How to use KEGG Mapper to visualize your data on KEGG Pathways?
How to use KEGG Mapper to visualize your data on KEGG Pathways? The KEGG database allows users to “paint” their own data on the pathways referenced in the database. This tool will allow you to visualize gene expression data including RNA-seq. As a first time user, formatting your data for analysis can be a daunting task and this tutorial is here to help you through it. You can access the KEGG Search Pathway tool here, and the KEGG Search & Color Pathway tool here.1. Identify your organism
One of the most important part of this process is to identify the “prefix” for the organism which pathways you want to paint your data on. A full list of these prefixes can be found here. Here is a list of the current prefixes available for Bordetella:
- Bordetella pertussis Tohama I: [bpe]
- Bordetella pertussis CS: [bpc]
- Bordetella pertussis 18323: [bper]
- Bordetella pertussis B1917: [bpet]
- Bordetella pertussis 137: [bpeu]
- Bordetella parapertussis 12822: [bpa]
- Bordetella parapertussis Bpp5: [bpar]
- Bordetella bronchiseptica RB50: [bbr]
- Bordetella bronchiseptica MO149: [bbm]
- Bordetella bronchiseptica 253: [bbh]
- Bordetella bronchiseptica S798: [bbx]
- Bordetella petrii: [bpt]
- Bordetella avium: [bav]
- Bordetella holmesii ATCC51541: [bho]
- Bordetella holmesii 44057: [bhm]
Enter the prefix indicated in the brackets of the organism of interest in the field “Search against:”

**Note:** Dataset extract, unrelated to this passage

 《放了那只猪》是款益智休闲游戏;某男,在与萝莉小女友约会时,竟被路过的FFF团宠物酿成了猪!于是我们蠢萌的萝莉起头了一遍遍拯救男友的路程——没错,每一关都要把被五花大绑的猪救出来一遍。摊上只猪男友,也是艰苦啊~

2. Format your data for analysis
The database has recently simplified the data input format. You can now simply paste a list of genes or format it to highlight different genes in different colors. Data can be formatted as locus tag or as gene name.

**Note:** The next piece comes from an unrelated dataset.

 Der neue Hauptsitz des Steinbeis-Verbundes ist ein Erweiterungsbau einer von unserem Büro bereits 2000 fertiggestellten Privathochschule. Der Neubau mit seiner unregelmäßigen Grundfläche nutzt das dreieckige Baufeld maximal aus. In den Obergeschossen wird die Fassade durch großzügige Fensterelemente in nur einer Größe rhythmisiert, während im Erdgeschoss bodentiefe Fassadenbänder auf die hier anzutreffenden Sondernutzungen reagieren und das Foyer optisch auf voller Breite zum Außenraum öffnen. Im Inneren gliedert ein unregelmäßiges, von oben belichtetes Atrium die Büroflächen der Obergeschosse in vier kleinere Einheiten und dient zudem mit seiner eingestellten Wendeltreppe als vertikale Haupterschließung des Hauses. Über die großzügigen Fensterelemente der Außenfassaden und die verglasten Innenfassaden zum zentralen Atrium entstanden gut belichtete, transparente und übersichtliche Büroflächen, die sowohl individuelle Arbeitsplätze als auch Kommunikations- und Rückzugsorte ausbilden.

a. Simple data input (Search Pathway)
To simply visualize your data on the KEGG pathways, simply paste your list of genes in the field “Enter Objects” here. These genes will be marked on the pathway in red.
If you want to test it, you can use the following set of genes:
BPt01 BPt02 BPt03 BPt04 secE nusG rplK rplA rplJ glyQ
b. Advanced data input (Search & Color Pathway)
You can decide the color in which the genes will be displayed on the pathway. You can create different groups of genes and display various levels of gene expression in different colors. In this example, we will display in blue genes over-expressed in a dataset and in red the genes that are down-regulated. Gene names or locus can be simply formatted as:
locus color_background,color_text
Here is an example:
BPt01 blue,black BPt02 blue,black BPt03 blue,black BPt04 blue,black secE blue,black nusG blue,black rplK red,black rplA red,black rplJ red,black glyQ red,black
Some of the colors that can be used are: black, grey, brown, red, orange, yellow, gold, pink, magenta, violet, purple, maroon, blue, cyan, green, chartreuse,… (do not use white).
If you do not want to type, download this file to format your dataset:
Download dataset format file3. Visualize the data.
Fill the fields “Search against:” and “Enter objects”, leave the rest of the fields/options on the default settings. Hit “Exec”. Pathway search results will indicate:
- Objects not found: genes not found in the database either because the locus/gene name is not present in the database or because it has not been associated with any pathway for this organism.
- List of pathways with hits. The number in parenthesis at the end of each line indicates the number of hits in each pathway.
By clicking on each pathway, you can now visualize the genes in your dataset with different colors if you used the Search and Color Pathway option.